Compared with when Medicare Part D launched, therapies today are more expensive. A panel at the Academy of Managed Care Pharmacy 2021 meeting discussed how the benefit needs to adapt to keep up with the future.
Sixteen years in, how is Medicare Part D performing and what does its future look like?
A keynote discussion at the Academy of Managed Care Pharmacy 2021 meeting looked at the past and future of the program, created by the 2003 Medicare Modernization Act, including some of the challenges it faces in a landscape of higher-cost therapies that did not exist when the benefit rolled out.
According to the Kaiser Family Foundation, 46 million of the more than 60 million people covered by Medicare were enrolled in Part D plans in 2020, which may be used in either traditional Medicare or in Medicare Advantage.
Moderator Dan Mendelson of Avalere Health asked the panelists, who all had a hand in the creation of Medicare Part D or who had a role in its implementation later, if beneficiaries today understand the program.
There is a small percentage of beneficiaries who understand how the program works, said Babette Edgar, PharmD, MBA, a senior area vice president at BluePeak Advisors, including how utilization management comes into play and every drug allowed on their formulary.
But that is not common.
“I think that for the majority of beneficiaries, I think the answer to that is no,” she said.
Cost sharing is problematic for patients on specialty drugs, and patient assistance programs run by manufacturers may not be having their intended effect and can’t be applied to those on Part D, said Kim Caldwell, RPh, of Texas Star Healthcare Consulting.

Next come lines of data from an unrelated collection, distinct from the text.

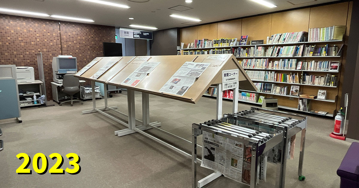 2階エントランスホールの新聞閲覧コーナーを入館ゲート側から撮影したものでした。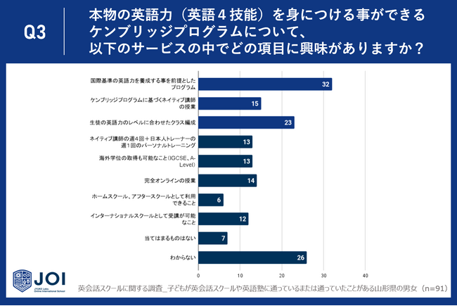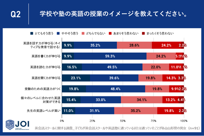 じゅけラボOnlineインターナショナルスクールJOIは、子どもが英会話スクールや英語塾に通っているまたは通っていたことがある山形県の男女91人に、英会話スクールや英語塾の効果に関するアンケート調査を実施しました。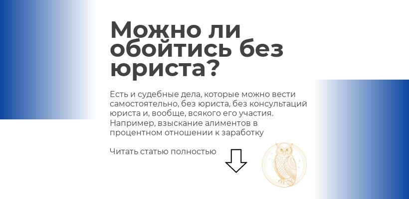 Поговорим о том, когда в делах юридических можно обойтись без юриста, а когда нельзя. Вообще, считаю, что многие правовые вопросы можно решать самостоятельно, без обращения к профессиональной юридической помощи. Достаточно почитать закон, немного вникнуть в суть нормы закона и - вперед. Как мы обходимся без врача при лечении обыкновенной простуды, так и вполне можно обойтись без юриста при решении обыкновенных правовых вопросов. Например, заключение договора аренды квартиры. Не думаю, что надо каждый раз привлекать юриста к составлению и заключению этого договора. Если есть шаблон, можно самостоятельно поменять данные, подписать договор и спать спокойно. Есть и судебные дела, которые можно вести самостоятельно, без юриста, без консультаций юриста и, вообще, всякого его участия. Например, взыскание алиментов в процентном отношении к заработку, развод в судебном порядке, несложные случаи взыскания долга, когда, например, есть договор и расписка.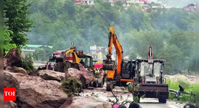 NEW DELHI: The National Highways Authority of India (NHAI) will airlift around nine heavy construction equipment for restoration of two stretches of the Kullu-Manali highway which has become inaccessible following heavy rain-triggered floods.On Monday, the highways authority said that restoration work is being taken up at 12 completely damaged locations on the Kullu-Manali section of national highway-21 and five partially damaged locations to restore connectivity to Manali from the rest of Himachal Pradesh.Besides the nine pieces of heavy construction equipment, NHAI said “around 70 machines have been deployed and an additional 20 machines are in transit.” Meanwhile, funds are being provided to the state govt to maintain an alternative road so that connectivity with Manali is restored, it said.Sources said the highways authority has submitted its request for airlifting of equipment to the Himachal Pradesh govt, which will forward the requisition to defence authorities. They added that since there is a ‘red alert’ (for heavy rain) for two more days, it may take time to start airlifting the equipment.On Tuesday, Kullu deputy commissioner Torul S Raveesh said NHAI was working across multiple sections of the NH-21 to ensure rapid restoration work. She told news agency ANI that NHAI needed to deploy machineries at all points for faster restoration, and hence, the need arised for airlifting of equipment to locations that currently lack connectivity.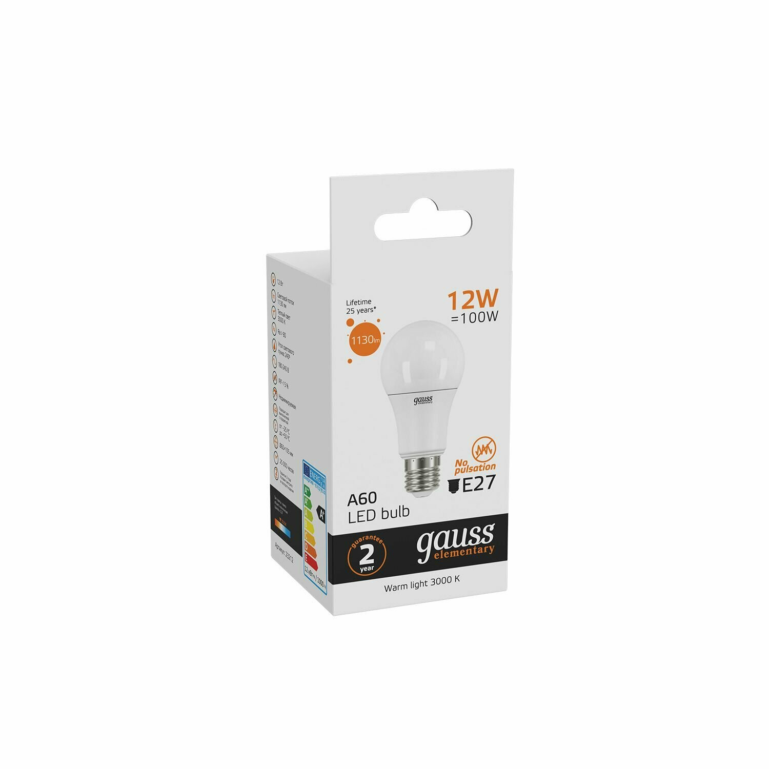 (2 шт) Лампа Gauss Elementary A60 12W 1130lm 3000K E27 LED информация: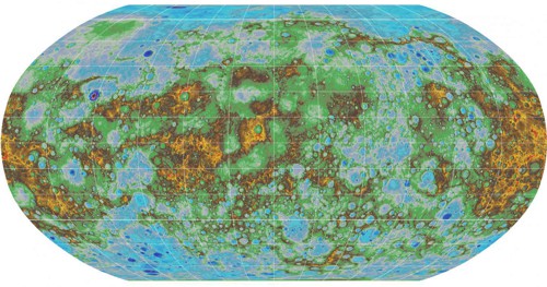 Hustota povrchu Merkuru příliš nekoresponduje s relativním převýšením. Jednotlivé barvy odpovídají různým horninám a nerostům Zdroj: NASA/Johns Hopkins University APL/Carnegie Institution of Washington.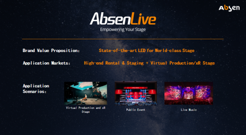 作为艾比森旗下品类品牌,AbsenLive致力于为高端租赁市场和虚拟制作以及xR舞台领域提供LED显示产品和服务,将虚拟与现实融为一体,为舞台创意无限赋能。在全球演出市场强劲复苏的趋势下,AbsenLive品牌旗下新品JP Pro系列、FL系列的发布,将为全球更多演出舞台增添更加绚丽的光彩。

“It’s time for legislation to update the program,” said Mark McClellan, MD, PhD, director of the Duke-Margolis Center for Health Policy, noting that while there have been some bipartisan proposals around that, the topic is hard to separate from other issues such as drug prices and drug utilization.
Commercial payers have management programs to handle patients who require very expensive therapies, but Medicare does not, he said.
The panelists agreed that more innovative ways of financing therapy on the government side are needed; Mendelson noted that there is going to be a revolution in cell and genetic therapies, offering a 1-time curative treatment, as well.
For now, starting next year, CMS will allow plans to offer a second, “preferred” specialty tier with a lower cost-sharing amount; spending on specialty therapeutics accounts for more than 20% of total Part D spending, even though they are used by few beneficiaries.
But pricing at whatever the market will bear is a problem, Caldwell said. So is a lack of transparency around what it costs to develop a drug, concurred Edgar.
Another problem, Mendelson said, is that the United States does not have a mechanism for requiring value assessments of new therapies, as other nations do. A value assessment could and should be done in different ways for different populations, he said.
In addition, Medicare is losing out on savings from biosimilars, he added.
“Why are we not seeing billions of dollars of savings?” Mendelson asked.
“Until the FDA will say that biosimilars are therapeutically substitutable for the [reference] products, they are nothing but another branded product,” said Caldwell.
Until physicians are educated about biosimilars, uptake won’t happen, Edgar said.
“Over the past 3 years I've done several programs where we've talked about biosimilars and why they don't prescribe biosimilars, and there's a lot of misconception and lack of education around what is a biosimilar, can you extrapolate it, can you not extrapolate it, can you substitute it, can you not?” she said. “And a lot of these physicians talked about they'd rather stay away from it, they don't understand it. So I think there's a lot of education that still needs to be done from a physician standpoint as well as issues around the interchangeability.”